The NICE Appraisal Consultation Document (ACD) initially recommended ocriplasmin as an option for treating vitreomacular traction (VMT) in adults, including when associated with a macular hole of ≤ 400 µm, when patients have severe symptoms and an epiretinal membrane is not present.
Ocriplasmin is the first pharmacologic treatment for patients diagnosed with VMT and a macular hole diameter of ≤400 µm and was approved in the European Union in March 2013. The drug was launched in the U.K., the first market in Europe, in April.
The NICE appraisal committee considers evidence submitted by the manufacturer and makes a judgment on whether or not the technology should be recommended as a clinically and cost-effective use of NHS resources, or whether it should only be recommended for specific subgroups of patients.

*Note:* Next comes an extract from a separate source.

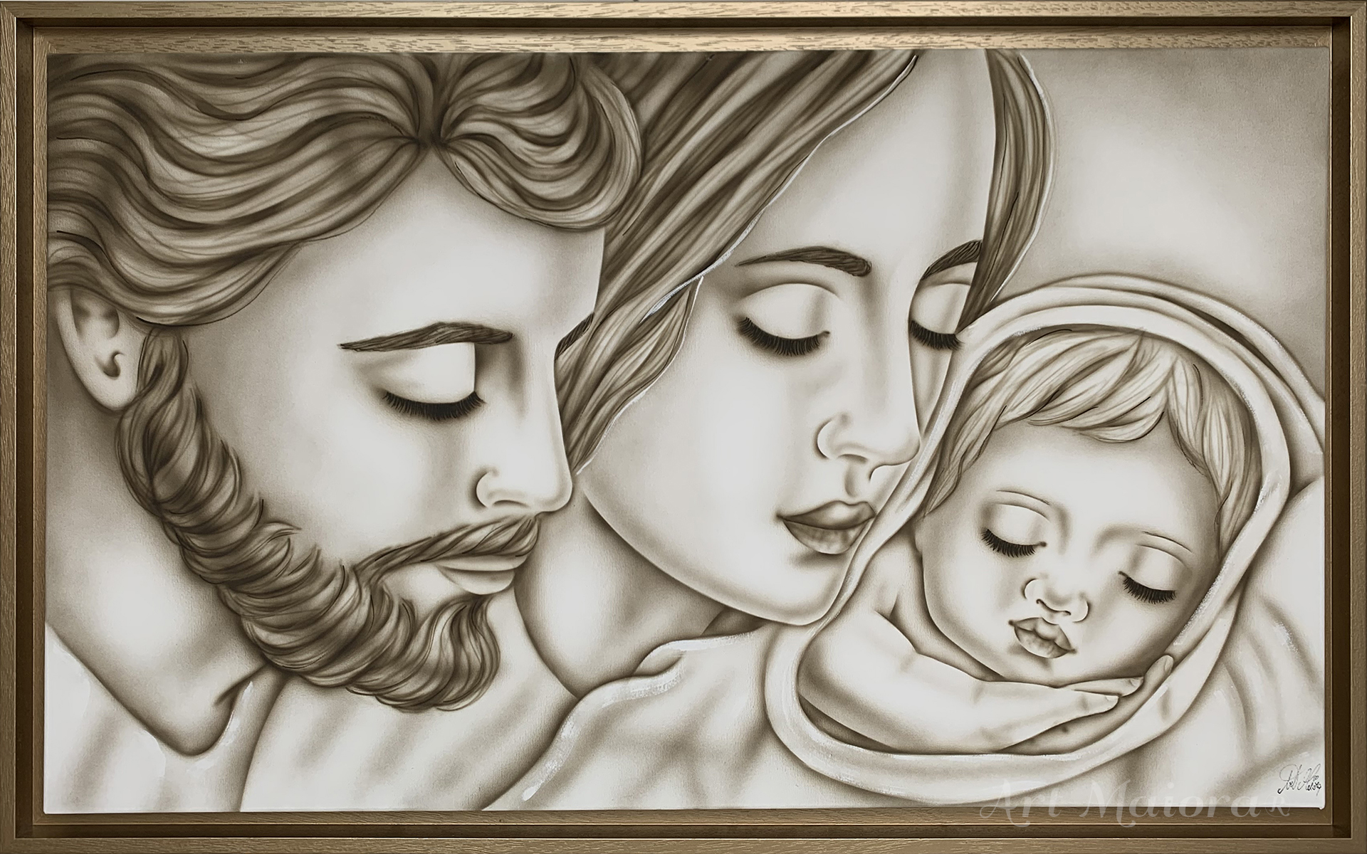 Art Maiora Tenerezza – Quadro con cornice dipinto a mano su tela 120X75 cm

NICE then invites comments on the ACD. The committee finalizes its recommendations and submits them to NICE in the form of a Final Appraisal Determination (FAD). The final NICE guidance on Jetrea is expected in the third quarter of 2013.
“We are delighted by the preliminary NICE recommendation for Jetrea,” said Patrik De Haes, MD, chief executive officer of ThromboGenics. “We particularly welcome NICE’s endorsement that [ocriplasmin] is a cost-effective use of finite NHS resources, and represents good value for money in the patients in whom it is recommended.”
“People affected by VMT and macular hole can suffer significant vision distortion that can make it difficult for them to read, watch TV, and drive,” added Tim Jackson, consultant retinal surgeon at King's College Hospital. “For suitable patients, it offers a simple treatment that may avoid the need for eye surgery, and means patients unsuited to surgery can now be treated, often before their condition deteriorates.”